■ Task requirements
In the entries below, find the line with "Пособие включает в" and transcribe it and every line after it exactly, through the last line, without pictures.

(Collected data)
══════

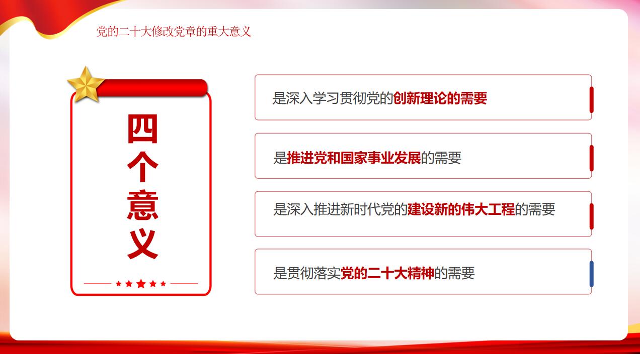 党课重点围绕中国共产党章程基本概述、党的二十大修改党章的重大意义、全面把握党章修改的重要内容三个方面进行了详细解读。针对新党章的50处修改内容,包括总纲部分的37处修改,条文部分的13处修改,党章的新观点、新论断以及对当前党的基层组织和党员提出的新要求、新任务进行了重点学习。内容生动详实,既有政治高度,又有理论深度,使广大党员对《中国共产党章程》的发展历程有了进一步的了解和认识,为进一步学好党章、遵守党章、坚决维护党章指明了方向。
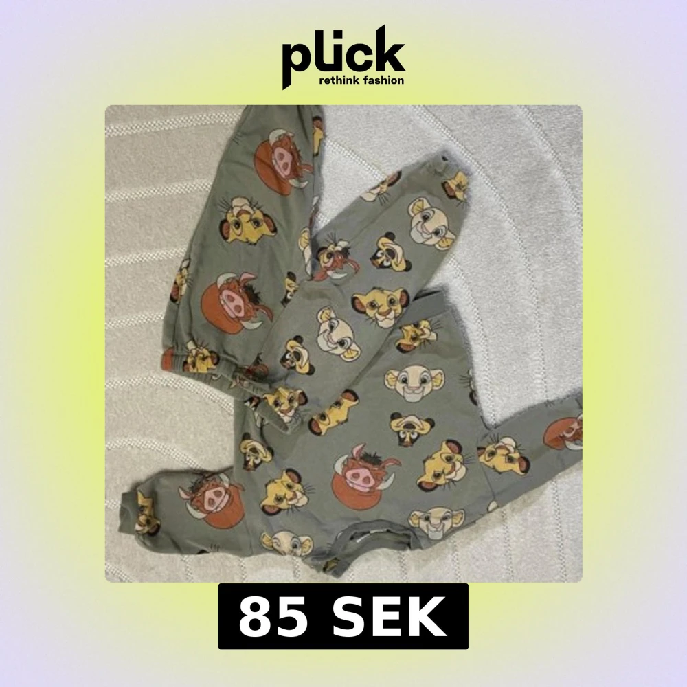 Gråa mjukisbyxor med elastisk midja och färgglada tryck av Simba, Timon och Pumbaa från Lejonkungen. Byxorna har avslappnad passform och är perfekta för chill dagar hemma. Materialet känns mjukt och skönt mot huden.
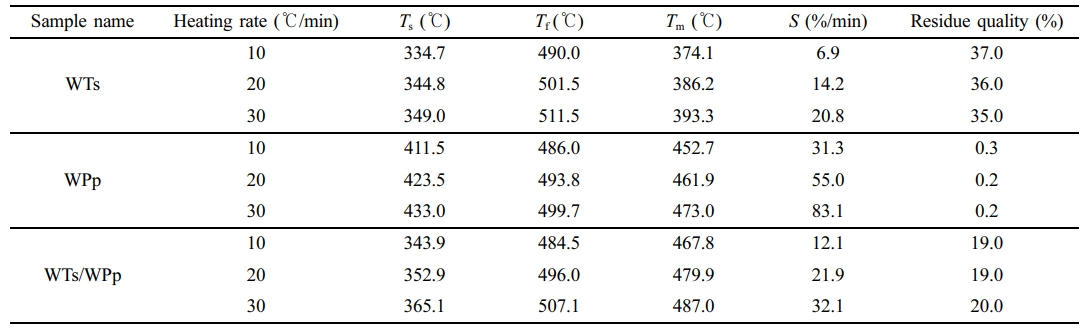Table 2 Pyrolytic Properties of WPp, WTs, and WTs/WPp |
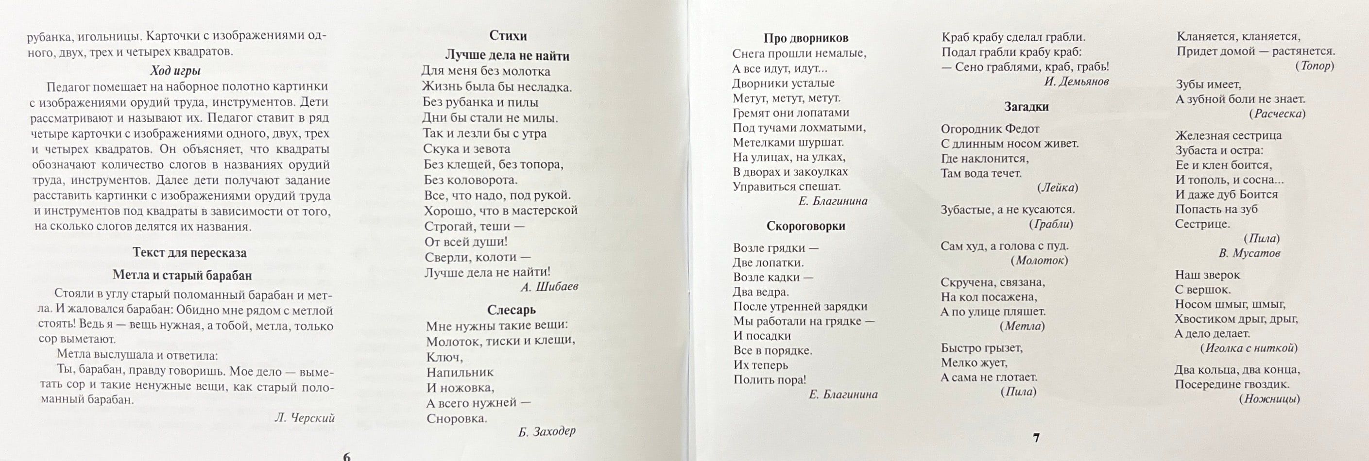 Пособие включает в себя наглядный дидактический материал, необходимый практически всем специалистам ДОУ. Это комплект предметных картинок по лексической теме «Орудия труда. Инструменты», а также авторские загадки, стихи и дидактические игры с использованием материалов пособия.
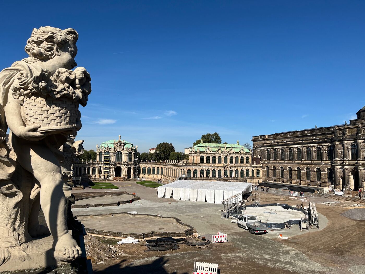 „Es ist die erste Generalsanierung des Zwinger-Hofes seit dem Wiederaufbau nach Kriegsende. Nun ist der Zwinger keine normale Baustelle. Wir mussten erschütterungsarm arbeiten (wegen der fragilen Schätze im Zwinger selbst, d.R.), den Besucherverkehr weiter aufrecht erhalten. Und außerdem hatten wir uns zu Beginn der Bauarbeiten dann entschlossen, die Springbrunnen noch zu sanieren.Das hat sich schwieriger gestaltet als gedacht“, erklärt Joachim Thäle vom Sächsischen Immobilien- und Baumanagement. Deshalb musste nachfolgende Gewerke auch warten.
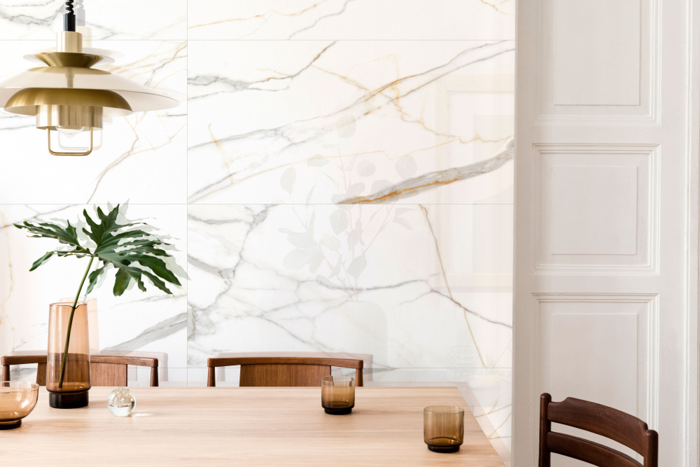 Изысканная коллекция керамогранита Montecatini имитирует текстуру мрамора. На белом фоне плиты пересекаются тонкие серые и золотые прожилки. Благородный рисунок коллекции Montecatini как нельзя лучше вписывается в концепцию неоклассики и привносит в образ атмосферу сдержанной элегантности, но без ущерба для практичности. Керамогранит Montecatini идеально сочетается с деревом, серыми и бежевыми оттенками мрамора, металлом, дополняя интерьер естественностью и лаконичностью.
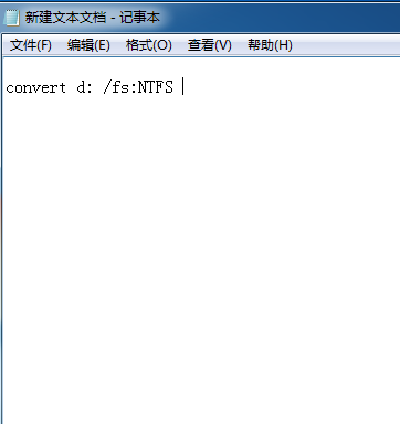 1,打開文本文檔,輸入 convert d: /fs:NTFS 來對(duì)D盤進(jìn)行轉(zhuǎn)換,如果是E盤那么就把D改成E;
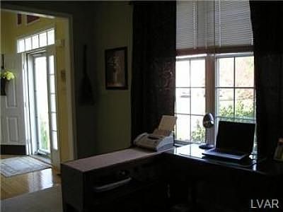 Wonderful East Penn Open Concept Colonial, 4 Bedroom, 2. 5 Bath. 9' First Floor ceilings. 2 Story Open Foyer. First floor Office, Formal Living & Dining Rooms w/Architectural Molding. Bright & Cheery Kitchen w/Center Island, Pantry, and Tiled Floors that opens to Family Room featuring Cathedral Ceiling & Gas Fireplace. Master Suite with Luxury Bath, Tiling, Double Vanity, Large Soaking Tub, Separate Shower, 2 Spacious Walk in Closets with Built-in and an additional area w/Vaulted Ceiling for your private retreat. Finished Basement has 3 separate areas for family fun and entertaining. Anderson Windows throughout, economical Gas Heat. Large Laundry/Mud Room with Storage Closet, Cabinets, & Laundry Tub. New Roof. 2Car Garage. Great outside Entertaining on Deck with Pergola, and Paved Patio. Professionally Landscaped.

══════

■ Answer section
 Пособие включает в себя наглядный дидактический материал, необходимый практически всем специалистам ДОУ. Это комплект предметных картинок по лексической теме «Орудия труда. Инструменты», а также авторские загадки, стихи и дидактические игры с использованием материалов пособия.
 „Es ist die erste Generalsanierung des Zwinger-Hofes seit dem Wiederaufbau nach Kriegsende. Nun ist der Zwinger keine normale Baustelle. Wir mussten erschütterungsarm arbeiten (wegen der fragilen Schätze im Zwinger selbst, d.R.), den Besucherverkehr weiter aufrecht erhalten. Und außerdem hatten wir uns zu Beginn der Bauarbeiten dann entschlossen, die Springbrunnen noch zu sanieren.Das hat sich schwieriger gestaltet als gedacht“, erklärt Joachim Thäle vom Sächsischen Immobilien- und Baumanagement. Deshalb musste nachfolgende Gewerke auch warten.
 Изысканная коллекция керамогранита Montecatini имитирует текстуру мрамора. На белом фоне плиты пересекаются тонкие серые и золотые прожилки. Благородный рисунок коллекции Montecatini как нельзя лучше вписывается в концепцию неоклассики и привносит в образ атмосферу сдержанной элегантности, но без ущерба для практичности. Керамогранит Montecatini идеально сочетается с деревом, серыми и бежевыми оттенками мрамора, металлом, дополняя интерьер естественностью и лаконичностью.
 1,打開文本文檔,輸入 convert d: /fs:NTFS 來對(duì)D盤進(jìn)行轉(zhuǎn)換,如果是E盤那么就把D改成E;
 Wonderful East Penn Open Concept Colonial, 4 Bedroom, 2. 5 Bath. 9' First Floor ceilings. 2 Story Open Foyer. First floor Office, Formal Living & Dining Rooms w/Architectural Molding. Bright & Cheery Kitchen w/Center Island, Pantry, and Tiled Floors that opens to Family Room featuring Cathedral Ceiling & Gas Fireplace. Master Suite with Luxury Bath, Tiling, Double Vanity, Large Soaking Tub, Separate Shower, 2 Spacious Walk in Closets with Built-in and an additional area w/Vaulted Ceiling for your private retreat. Finished Basement has 3 separate areas for family fun and entertaining. Anderson Windows throughout, economical Gas Heat. Large Laundry/Mud Room with Storage Closet, Cabinets, & Laundry Tub. New Roof. 2Car Garage. Great outside Entertaining on Deck with Pergola, and Paved Patio. Professionally Landscaped.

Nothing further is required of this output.